The Washington Post published a profile of Tammy Ma (BS ’05), who directs the Livermore Institute for Fusion Technology at Lawrence Livermore National Laboratory.
Ma’s Caltech connection runs deep. She first visited the unfinished National Ignition Facility as a summer intern at Livermore, in the break between high school and her freshman year. Standing below the 30-foot-diameter target chamber, lowered into place by cranes so the stadium-size facility could be built around it, she decided she wanted to do science at that scale. She went on to major in aerospace engineering at Caltech, then earned her MS and PhD at UC San Diego before returning to Livermore as a staff scientist.

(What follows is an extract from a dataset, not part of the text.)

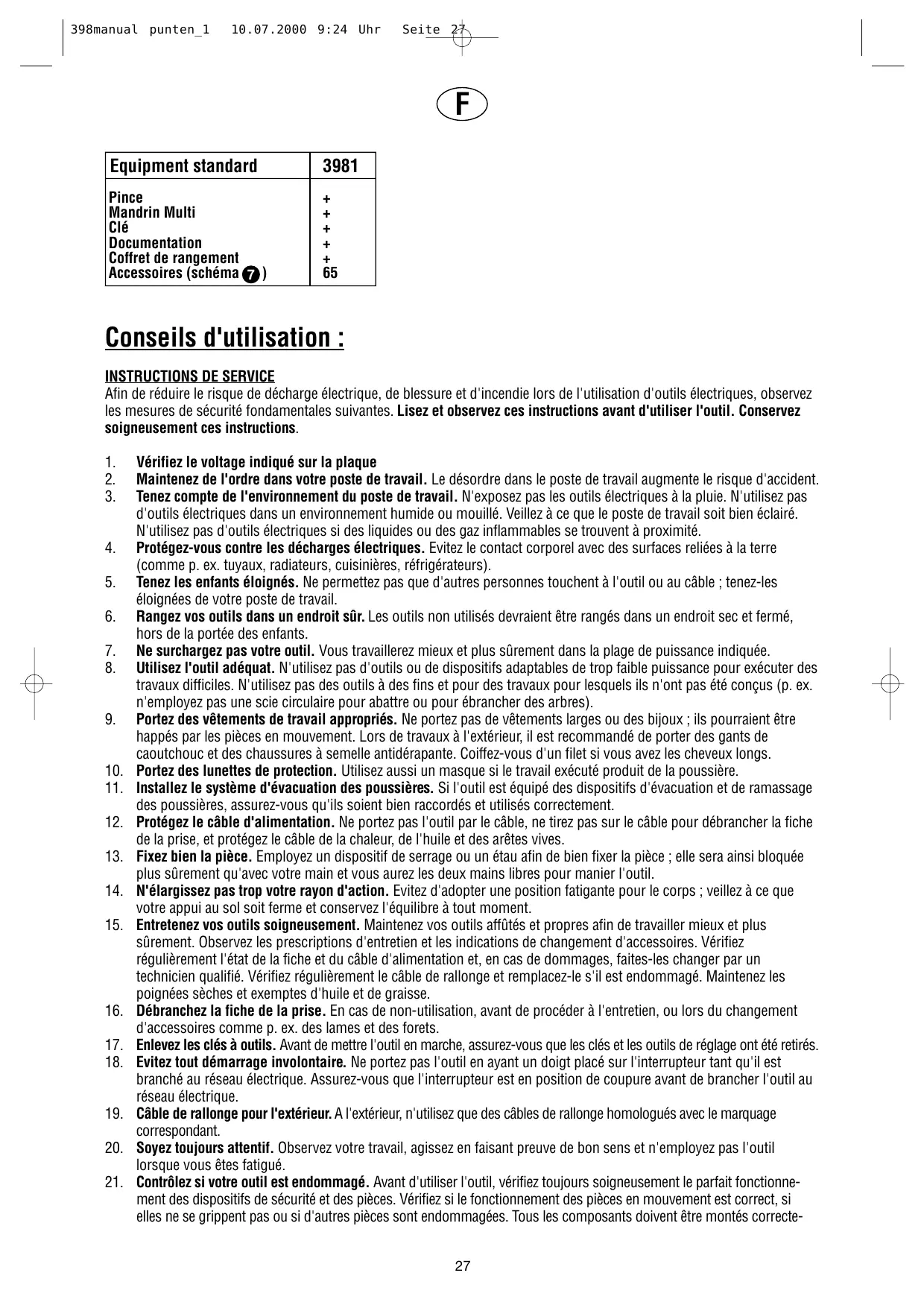 Vérifiez le voltage indiqué sur la plaque Maintenez de l'ordre dans votre poste de travail. Le désordre dans le poste de travail augmente le risque d'accident. Tenez compte de l'environnement du poste de travail. N'exposez pas les outils électriques à la pluie. N'utilisez pas d'outils électriques dans un environnement humide ou mouillé. Veillez à ce que le poste de travail soit bien éclairé. N'utilisez pas d'outils électriques si des liquides ou des gaz inflammables se trouvent à proximité. Protégez-vous contre les décharges électriques. Evitez le contact corporel avec des surfaces reliées à la terre (comme p. ex. tuyaux, radiateurs, cuisinières, réfrigérateurs). Tenez les enfants éloignés. Ne permettez pas que d'autres personnes touchent à l'outil ou au câble ; tenez-les éloignées de votre poste de travail. Rangez vos outils dans un endroit sûr. Les outils non utilisés devraient être rangés dans un endroit sec et fermé, hors de la portée des enfants. Ne surchargez pas votre outil. Vous travaillerez mieux et plus sûrement dans la plage de puissance indiquée. Utilisez l'outil adéquat. N'utilisez pas d'outils ou de dispositifs adaptables de trop faible puissance pour exécuter des travaux difficiles. N'utilisez pas des outils à des fins et pour des travaux pour lesquels ils n'ont pas été conçus (p. ex. n'employez pas une scie circulaire pour abattre ou pour ébrancher des arbres). Portez des vêtements de travail appropriés. Ne portez pas de vêtements larges ou des bijoux ; ils pourraient être happés par les pièces en mouvement. Lors de travaux à l'extérieur, il est recommandé de porter des gants de caoutchouc et des chaussures à semelle antidérapante. Coiffez-vous d'un filet si vous avez les cheveux longs. Portez des lunettes de protection. Utilisez aussi un masque si le travail exécuté produit de la poussière. Installez le système d'évacuation des poussières. Si l'outil est équipé des dispositifs d'évacuation et de ramassage des poussières, assurez-vous qu'ils soient bien raccordés et utilisés correctement. Protégez le câble d'alimentation. Ne portez pas l'outil par le câble, ne tirez pas sur le câble pour débrancher la fiche de la prise, et protégez le câble de la chaleur, de l'huile et des arêtes vives. Fixez bien la pièce. Employez un dispositif de serrage ou un étau afin de bien fixer la pièce ; elle sera ainsi bloquée plus sûrement qu'avec votre main et vous aurez les deux mains libres pour manier l'outil. N'élargissez pas trop votre rayon d'action. Evitez d'adopter une position fatigante pour le corps ; veillez à ce que votre appui au sol soit ferme et conservez l'équilibre à tout moment. Entretenez vos outils soigneusement. Maintenez vos outils affûtés et propres afin de travailler mieux et plus sûrement. Observez les prescriptions d'entretien et les indications de changement d'accessoires. Vérifiez régulièrement l'état de la fiche et du câble d'alimentation et, en cas de dommages, faites-les changer par un technicien qualifié. Vérifiez régulièrement le câble de rallonge et remplacez-le s'il est endommagé. Maintenez les poignées sèches et exemptes d'huile et de graisse. Débranchez la fiche de la prise. En cas de non-utilisation, avant de procéder à l'entretien, ou lors du changement d'accessoires comme p. ex. des lames et des forets. Enlevez les clés à outils. Avant de mettre l'outil en marche, assurez-vous que les clés et les outils de réglage ont été retirés. Evitez tout démarrage involontaire. Ne portez pas l'outil en ayant un doigt placé sur l'interrupteur tant qu'il est branché au réseau électrique. Assurez-vous que l'interrupteur est en position de coupure avant de brancher l'outil au réseau électrique. Câble de rallonge pour l'extérieur. A l'extérieur, n'utilisez que des câbles de rallonge homologués avec le marquage correspondant. Soyez toujours attentif. Observez votre travail, agissez en faisant preuve de bon sens et n'employez pas l'outil lorsque vous êtes fatigué. Contrôlez si votre outil est endommagé. Avant d'utiliser l'outil, vérifiez toujours soigneusement le parfait fonctionnement des dispositifs de sécurité et des pièces. Vérifiez si le fonctionnement des pièces en mouvement est correct, si elles ne se grippent pas ou si d'autres pièces sont endommagées. Tous les composants doivent être montés correcte27 398manual punten_1

The profile centers on the December 2022 ignition milestone, when NIF’s 192 lasers forced atoms in a peppercorn-size fuel pellet to fuse and produce a net energy gain — a first in the decades-long pursuit of fusion energy. Ma was asleep when it happened. She learned the next morning from her staff as she prepared to board a flight, and called her mother from SFO.
Ma is candid about the gap between proof of concept and power plant, and about the hype cycle now surrounding fusion — driven by real advances, AI applications, venture capital, and what she describes as some overpromising. The article covers Commonwealth Fusion Systems’ magnet-based approach, the Trump administration’s deal with TAE Technologies, and the wave of startups entering the field.
Ma is also frank about NIF’s national security mission — using the world’s most energetic laser to study matter under extreme conditions and validate weapons physics without detonation. She doesn’t shy away from calling fusion a nuclear technology, placing herself in what she describes as a different camp from researchers who avoid the term.